SOAP - Archived

October 21, 2015

Foreign Languages on the Web – The “Lang” attribute and Classic Latin.

Word cloud featuring multiple foreign languages

Prologue

In July of 2006, I took a position at Stanford University, to establish and run an on-line accessibility program, which ultimately become known as SOAP (Stanford Online Accessibility Program – finding the name was almost too easy). While there, I published a number of ‘whitepapers’ and other thought pieces that have subsequently been removed from the SOAP site after my departure in 2012. Since there does not appear to be an archived copy of this paper at Stanford today, I am re-posting it in the academic spirit of knowledge sharing.

By: John Foliot | Posted: April 24, 2008

Recently I was faced with a question that I really had no hard data on. Fortunately, within the circle of international colleagues I work with who specialize in “web accessibility”, I was able to gather some interesting information and opinion, and share these thoughts and observations here.

Update

After the original posting of this White Paper, it was noted that the example shown was both Latin (and more specifically Medieval Latin) and Middle English. As such the correct markup would be: <span lang=”la”> Incipit:</span> <span lang=”enm”>Holi writ haþ a liknesse to tre þat bereþ noote oþer appel</span>. Obviously this will further impact on the decision process of the project in question as I am most certain that there are currently no speech synthesizers for Middle English, although the other reasons given for using the “lang” attribute remain valid. As well, while Medieval Latin and Classical Latin can differ, there is currently only one ISO code for Latin, being “la”.

The Problem:

A web page (or specifically a series of web pages) written in English also features extensive tracts of Classical Latin text – text originating from the 12th and 13th century. The W3C WCAG1 guidance states: Clearly identify changes in the natural language of a document’s text and any text equivalents (e.g., captions). (Priority 1, Checkpoint 4.1)

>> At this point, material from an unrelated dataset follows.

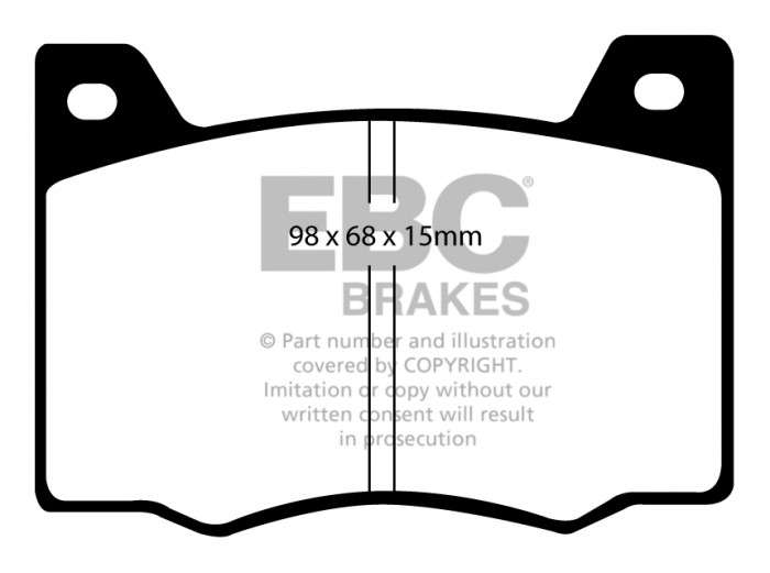 Nie pozwól, aby niższa cena zamiennika przesłoniła Ci ten doskonałej jakości produkt, który zatrzyma Twój samochód równie sprawnie, jak klocki oryginalne, a przy tym szybciej niż większość innych dostępnych na rynku. Wspaniałą zaletą klocków EBC jest ich zdolność do całkowitej eliminacji szarpania przy hamowaniu – po 450-600 km przebiegu praktycznie KOMPENSUJĄ szarpnięcia o umiarkowanym natężeniu. Nominalny współczynnik tarcia 0,46, przy minimalnym ścieraniu tarcz hamulcowych oraz pyleniu na poziomie części oryginalnych.

The question however was whether or not undertaking the non-trivial task of marking up these Latin texts to meet the WCAG Requirement was worth the return on investment? (<span lang=”la”> Incipit: Holi writ haþ a liknesse to tre þat bereþ noote oþer appel</span>)

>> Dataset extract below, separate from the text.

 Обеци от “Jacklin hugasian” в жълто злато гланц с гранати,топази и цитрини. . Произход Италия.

There is the possibility that doing so would still not satisfy a key constituency, screen readers, in a practical way as it was not clear that a Latin Speech Synthesizer even existed today. As well, “Screen readers without Unicode support will read a character outside Latin-1 as a question mark, and even in the latest version of JAWS, the most popular screen reader, Unicode characters are very difficult to read.” [1]

Opinions and Facts:

The facts and opinions that ensued, prompted by the question, centered on the following relevant points

Screen Readers / Screen Reading Software
The number of languages supported by JAWS (the leading screen reading software package in the marketplace) is not limited to the list at the software vendor’s website [2] as local distributors, for example Freedom Scientific Benelux, can deliver a JAWS version with a speech synthesizer for Dutch. It could not be determined however whether a JAWS speech synthesizer for Latin currently exists.[3] However, there is a sizable cottage industry of JAWS scripters who could add support for the characters even if it is not currently available. Given that this is an academic project it is conceivable that a blind researcher may wish to tap into this scripting resource, to add the capability if documents exist that would become more accessible with the investment.

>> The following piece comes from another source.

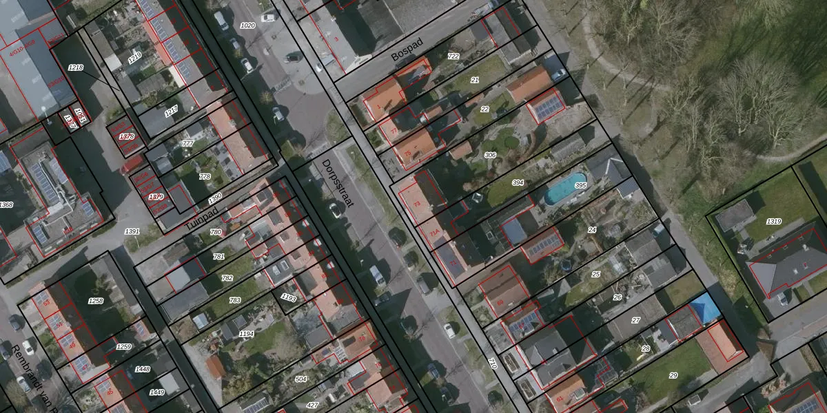Het perceel waarop Dorpsstraat 73 staat heeft een oppervlakte van 615 m². Dit is een groot perceel. De perceeloppervlakte wordt geregistreerd door het Kadaster. Gedetailleerde informatie over de maten van dit perceel kunt u vinden in het rapport Kadastrale kaart met maatvoering van Dorpsstraat 73.

Even if there were no speech synthesis available for a language, screen readers like JAWS can announce language changes and users can associate particular voice configurations with particular languages.

Looking beyond JAWS, Classical Latin [4] is among the current MBROLA voices [5] available. It is therefore (at least theoretically) usable with at least some screen readers and text-to-speech software, e.g. NVDA [6], FreeTTS (used by FireVox) [7], and Emacspeak [8].

Typesetting / Alternate Usage
As this is an academic project it might be more important to correctly mark-up the language for reasons other than accessibility. It is possible to machine-process words or even phrases in various useful ways, e.g. for machine translation. It is significantly more successful if you know for sure what language you are dealing with.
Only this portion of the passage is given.